Temen muchos la imposición de fronteras geográficas, pero peores aún son las que separan cabezas y corazones
Hace unos días vi una película cuyo estreno en cines me perdí y que sin embargó disfruté un montón. Pride recrea un caso real que generó no poca polémica en el Reino Unido a comienzos de los 80, cuando un grupo que luchaba a favor de los derechos de la comunidad LGTB en Londres se desplazó a un pequeño pueblo de Gales para defender a los mineros, agotados tras meses de huelga contra Margaret Thatcher. Su decisión fue rechazada por no pocos miembros de la misma comunidad y por la mayor parte de los mineros, pero el primer sindicalista que aceptó su apoyo recordó a sus compañeros que uno de los emblemas de la organización minera representaba un apretón de manos. En su opinión, resultaba indiferente de dónde vinieran los que se daban la mano, incluso que fuesen personas contrarias en cuanto a ideología, confesión y hasta posición social. Más aún, aquel apretón tendría más sentido y resultaría más efectivo cuanto más distintos fuesen sus protagonistas. Me gustó esta idea porque explica de manera sencilla y eficaz en qué consiste un pacto: dos que piensan de forma diferente se ponen de acuerdo porque consideran que hay un bien común por el que vale la pena atender a las razones del otro. Si revisamos la historia reciente de España, lo triste es comprobar la rareza del pacto. Su extinción.
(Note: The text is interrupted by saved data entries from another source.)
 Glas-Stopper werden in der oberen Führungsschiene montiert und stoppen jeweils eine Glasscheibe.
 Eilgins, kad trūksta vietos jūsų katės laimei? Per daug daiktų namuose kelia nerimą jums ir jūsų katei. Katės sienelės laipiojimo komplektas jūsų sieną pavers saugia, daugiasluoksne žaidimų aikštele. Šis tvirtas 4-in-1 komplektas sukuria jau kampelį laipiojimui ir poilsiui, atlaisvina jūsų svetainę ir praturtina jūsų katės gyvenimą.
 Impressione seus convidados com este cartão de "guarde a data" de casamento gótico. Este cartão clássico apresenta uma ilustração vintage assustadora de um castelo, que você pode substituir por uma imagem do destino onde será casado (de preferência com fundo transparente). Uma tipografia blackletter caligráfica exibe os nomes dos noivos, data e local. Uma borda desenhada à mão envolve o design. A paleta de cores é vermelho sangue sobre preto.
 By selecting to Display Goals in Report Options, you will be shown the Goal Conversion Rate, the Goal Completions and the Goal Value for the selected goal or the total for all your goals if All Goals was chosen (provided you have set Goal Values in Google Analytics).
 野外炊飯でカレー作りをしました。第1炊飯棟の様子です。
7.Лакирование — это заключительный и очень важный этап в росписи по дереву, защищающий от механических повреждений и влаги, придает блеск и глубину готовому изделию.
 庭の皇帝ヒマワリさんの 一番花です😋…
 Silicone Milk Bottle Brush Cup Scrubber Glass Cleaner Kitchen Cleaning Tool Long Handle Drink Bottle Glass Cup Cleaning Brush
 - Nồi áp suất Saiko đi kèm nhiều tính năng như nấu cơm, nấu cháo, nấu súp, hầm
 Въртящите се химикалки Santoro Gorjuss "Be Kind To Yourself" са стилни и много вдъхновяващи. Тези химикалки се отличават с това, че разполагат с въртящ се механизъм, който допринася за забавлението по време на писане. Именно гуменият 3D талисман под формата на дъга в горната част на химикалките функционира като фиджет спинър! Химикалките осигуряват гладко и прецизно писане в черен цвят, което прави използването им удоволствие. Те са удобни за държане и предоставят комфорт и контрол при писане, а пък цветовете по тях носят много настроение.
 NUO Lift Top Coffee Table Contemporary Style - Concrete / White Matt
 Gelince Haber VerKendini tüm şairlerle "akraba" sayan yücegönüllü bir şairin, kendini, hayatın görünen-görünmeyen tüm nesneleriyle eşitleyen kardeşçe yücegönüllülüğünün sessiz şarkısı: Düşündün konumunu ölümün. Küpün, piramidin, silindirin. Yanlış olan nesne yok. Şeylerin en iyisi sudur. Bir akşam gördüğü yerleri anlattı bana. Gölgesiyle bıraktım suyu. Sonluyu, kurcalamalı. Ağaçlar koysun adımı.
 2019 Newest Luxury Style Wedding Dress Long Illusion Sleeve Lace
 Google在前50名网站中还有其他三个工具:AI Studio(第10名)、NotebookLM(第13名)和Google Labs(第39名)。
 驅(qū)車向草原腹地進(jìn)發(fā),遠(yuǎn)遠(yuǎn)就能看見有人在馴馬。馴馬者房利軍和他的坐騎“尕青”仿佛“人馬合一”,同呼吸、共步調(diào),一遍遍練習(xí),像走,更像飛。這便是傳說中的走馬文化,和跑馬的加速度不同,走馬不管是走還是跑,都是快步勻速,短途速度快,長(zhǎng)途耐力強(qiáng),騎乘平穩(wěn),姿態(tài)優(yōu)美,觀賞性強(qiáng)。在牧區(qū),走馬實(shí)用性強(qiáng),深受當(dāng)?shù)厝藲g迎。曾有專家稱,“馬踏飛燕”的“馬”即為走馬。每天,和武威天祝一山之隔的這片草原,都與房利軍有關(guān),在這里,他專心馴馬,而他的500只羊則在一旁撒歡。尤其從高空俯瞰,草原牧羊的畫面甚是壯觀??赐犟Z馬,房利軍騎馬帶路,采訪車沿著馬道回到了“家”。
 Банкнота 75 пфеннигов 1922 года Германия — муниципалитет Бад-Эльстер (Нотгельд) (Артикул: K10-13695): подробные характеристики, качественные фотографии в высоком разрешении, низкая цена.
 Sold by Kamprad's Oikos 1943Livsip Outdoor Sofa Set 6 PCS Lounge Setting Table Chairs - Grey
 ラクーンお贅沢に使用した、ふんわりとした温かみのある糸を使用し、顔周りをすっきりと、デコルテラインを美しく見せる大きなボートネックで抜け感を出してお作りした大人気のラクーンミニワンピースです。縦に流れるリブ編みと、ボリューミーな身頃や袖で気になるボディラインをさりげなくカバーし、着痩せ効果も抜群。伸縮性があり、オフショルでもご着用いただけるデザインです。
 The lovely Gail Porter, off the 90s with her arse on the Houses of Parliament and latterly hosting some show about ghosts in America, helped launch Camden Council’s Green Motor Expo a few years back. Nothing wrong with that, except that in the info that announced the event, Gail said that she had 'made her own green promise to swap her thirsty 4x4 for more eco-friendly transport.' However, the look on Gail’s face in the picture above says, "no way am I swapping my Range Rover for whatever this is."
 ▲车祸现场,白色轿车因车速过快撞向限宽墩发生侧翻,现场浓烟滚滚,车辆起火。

Sobre la Transición podemos echar toda la tierra que queramos, pero nadie puede negar que allí más de dos que diferían en cuestiones esenciales se dieron la mano porque había un mal mayor que evitar a toda costa: una nueva guerra civil. Todavía más triste, sin embargo, es la evidencia de que de aquel mismo pacto salió el virus que habría de impedir cualquier otro en un futuro donde los acuerdos no iban a ser menos necesarios. Y me refiero a la legitimación de unos nacionalismos a los que se les concedieron privilegios incomprensibles (que a su vez vulneraron los pactos anteriores) a cambio de una cierta paz social que nunca llegó a darse, por cuanto los mismos nacionalismos jamás ocultaron sus intenciones separatistas. La cuestión nacional atraviesa hoy todas y cada una de las esferas de lo público. La asunción de los dogmas independentistas por parte de la izquierda significa que la solidaridad, la fraternidad, el apretón de manos y la lucha por el bien común tienen límites muy claros: los que imponen la procedencia y el idioma. El mayor fracaso.
Temen muchos la imposición de fronteras geográficas en Cataluña y el País Vasco, pero son peores las otras fronteras, las que el nacionalismo ha plantado entre los corazones y las cabezas. Nada de darse la mano.